И отец давал! Мало того, отец решил поставить сына на ноги еще и другим путем – он собирался взять его к себе в фирму, чтобы сделать заместителем! Воистину, папенька был ангелом для всех, кроме родной дочери. Он осыпал деньгами каждую девицу, которая прыгала к нему в кровать, он трясся над незнакомым сыном, а ее, Ксению, которая трудилась как каторжная, он все еще не выпускал из железного кулака, теперь уже больше по привычке. Вот тогда Ксения и придумала: она сама воспитает ему сына! Мало того, она добьется того, что станет полноправной хозяйкой всего батюшкиного состояния, а сам батюшка… Ну что ж, если бог забрал у нее такую прекрасную маму, пусть где-то пристроит и папеньку! Она поможет. Но сначала она прикончит бестолкового Дусю! Имя-то какое бабское! Ксения специально и собачку так назвала, в его честь, в честь братца. А потом она, все продумав, долго отшлифовывала свой недобрый план. Оставалось дело за помощниками. Когда Ксения познакомилась с Плюшкиной и подружилась с ней, стало ясно: Ирина как нельзя лучше подходит для ее идеи – жадная до денег, совершенно раскованная и готовая на все. В идеале Ирина должна была связать Евдокима, исхлестав его плетьми, и бросить связанного в винном погребе особняка. Там такие стены, что звук не проникает ни туда, ни оттуда. Даже закопать было его решено там же, все равно Ксения бы потом особняк продала и уехала за границу. Потом с Ириной должно было случиться несчастье, а убийство Дусика повисло бы на ней – там тебе и отпечатков сколько угодно, и прочих улик. Ксении и надо-то было просто легонечко пристукнуть его камешком. Однако она просчиталась – Плюшкина оказалась умнее.

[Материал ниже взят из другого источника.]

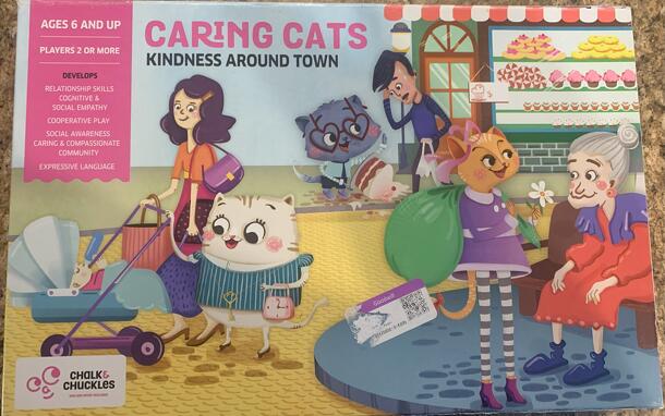 Board shows mini-track on left with 7 spaces leading to the School of Pawsitivity and larger track on right with two holes in it to store Caring Cat tokens. Game includes 4 cat mover/standees, 1 Mean Mouse mover, 20 Caring Cat tokens (4 each for 5 different cats), 20 Heart/Charm tokens, and 30 cards, each showing an area around town and a situation (e.g. a...

Ирина Плюшкина всю жизнь зарабатывала себе на хлеб с маслом шантажом. Однажды какой-то засветившийся любовник расплатился с ней за свою глупость диктофоном, и с тех пор Плюшкина с маленькой вещицей не расставалась. С Воротиловыми же выпала несказанная удача – можно было доить сразу и дочь, и отца.
После священного ритуала «Семь ударов», придуманного специально для Дусика, Плюшкина встретилась с Ксенией, как и договаривались, возле карликовой березы, недалеко от особняка.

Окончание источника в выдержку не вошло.